The answer, says Justin Halberda, an associate professor in the Department of Psychological and Brain Sciences, lies in your number sense—an intuitive understanding of quantities, how they relate to each other, and how they can change with various mathematical operations. It’s the sense that allows you to estimate how many items are in an individual customer’s cart, tells you whether one cart has more or fewer items than another, and tells you that because the lead cart’s items are being steadily laid on the checkout counter’s belt, that cart’s numbers are decreasing.
Halberda and his colleagues have discovered that this “number sense” is universal among cultures across the world and even different species. Studies have shown that humans, nonhuman primates, and even rats have the ability to compare quantities, even if they don’t have the language to tell you that there are five pieces of cheese in a pile.
Even though we all have number sense, when in the life span did we acquire it? And how will it change throughout our lives? Over the past several years, Halberda and his colleagues at Hopkins’ Laboratory for Child Development have taken on these questions, developing a timeline of when number sense starts and how it tracks with age.
Researchers have long known that babies get bored looking at the same thing. Consequently, Halberda and his colleagues tested whether babies could distinguish between numerical quantities by showing them different representations of the number 8, such as colored dots on a screen, and then switching it up by changing the number. Tests showed that babies as young as 4 months old looked longer when there were big differences between quantities—say, between 8 and 16—but didn’t register a change when quantities were closer, as between 8 and 12.

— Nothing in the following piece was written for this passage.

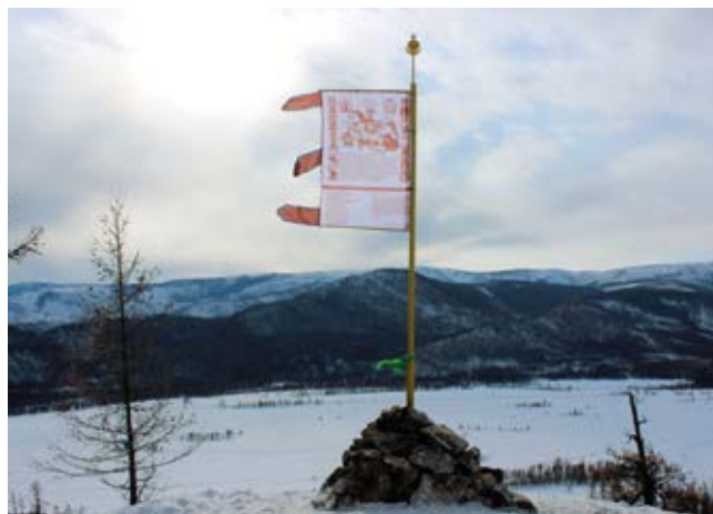
В 2016 г. в первый день «Сагаалгана» на священной горе Хан-Уула, был водружен всебурятский «Хии морин»

Хан-уула. Эта гора представляет собой горный массив мягких очертаний, выделяющихся среди островерхих, крутых саянских скал пологой округлой формой. Согласно легенде, под горой хранится огромный (8 метров длиной) меч Гэсэра. Некоторые даже свидетельствуют о том, что иногда меч светится и явственно виден сквозь толщу горы. Главное место поклонения – это обоо. В советское время ритуалы там не проводились, местное население совершали подношения на Эрын-губоо, отождествляя его с Хан-уула. Обоо расположено в седловине горы Хан-уула, кроме того, есть оно и у подножия этой горы, где также совершаются ритуалы почитания Хан-уула. Таким образом, Хан-уула почитается в трех местах: 1) обоо в седловине горы; 2) обоо у подножия горы; 3) жертвенник Эрын-губоо на подступах к горе Хан-уула. На обоо в седловине горного массива Хан-уула, у подножия высокой точки, сооружен маленький деревянный дуган (молельня). По свидетельству местных жителей, ранее здесь было несколько каменных обоо. В настоящее время вокруг нового дугана (2,5x2,0 м) установлено 13 каменных кладок высотой 0,2-0,3 м, на этих кладках поставлены фигурные листы от бороны, имитирующие котлы для удобства жертвоприношений. С северной стороны дугана находится сооружение треугольной формы из железных труб для прикрепления хий морин. Ниже по склону, перед дуганом, сооружены навес и скамьи, используемые во время массовых ритуалов на обоо. Вокруг дугана на деревьях привязаны ритуальные ленты – зурмадхан. Хан-уула считается святили-

Until last year, the group’s research revealed that number sense sharpened at least until age 10—the oldest age that the researchers had been able to gather enough subjects to make findings statistically significant. Getting a large number of children and adults to come to the lab was challenging.
“Tracking cognitive abilities in general across the entire life span has been a nearly impossible challenge for scientists to overcome because you can’t get all those people to come into the lab,” Halberda explains. But he and his colleagues had an idea: Why not present their study over the Internet?
The researchers devised a web page where people could test their number sense with a simple game, choosing whether there were more blue or yellow dots on a page over several trials. In some trials, the difference was obvious, but in others, the numbers were much closer, making the relative quantities much harder to gauge.
Since posting their web page in 2011, the researchers have attracted more than 20,000 respondents, ranging in age from 11 to 85. Last year, they published data from 13,000 of these study participants. After crunching the numbers, the researchers discovered that number sense steadily improves until the age of 30. But while a lucky few keep excellent number sense until old age, the majority of us begin to decline.
Given the findings of Halberda and his colleagues linking good number sense to better formal math abilities, there’s good reason to try to strengthen and maintain number sense with age. One of his studies shows that number sense precision can be improved with practice. Right now, he and his colleagues are formulating ways to integrate that sort of practice into various school curricula.
“We’ve also begun to explore how to teach both teachers and students about the number sense, what it is, what it does for us, and how we can use it more effectively,” he says.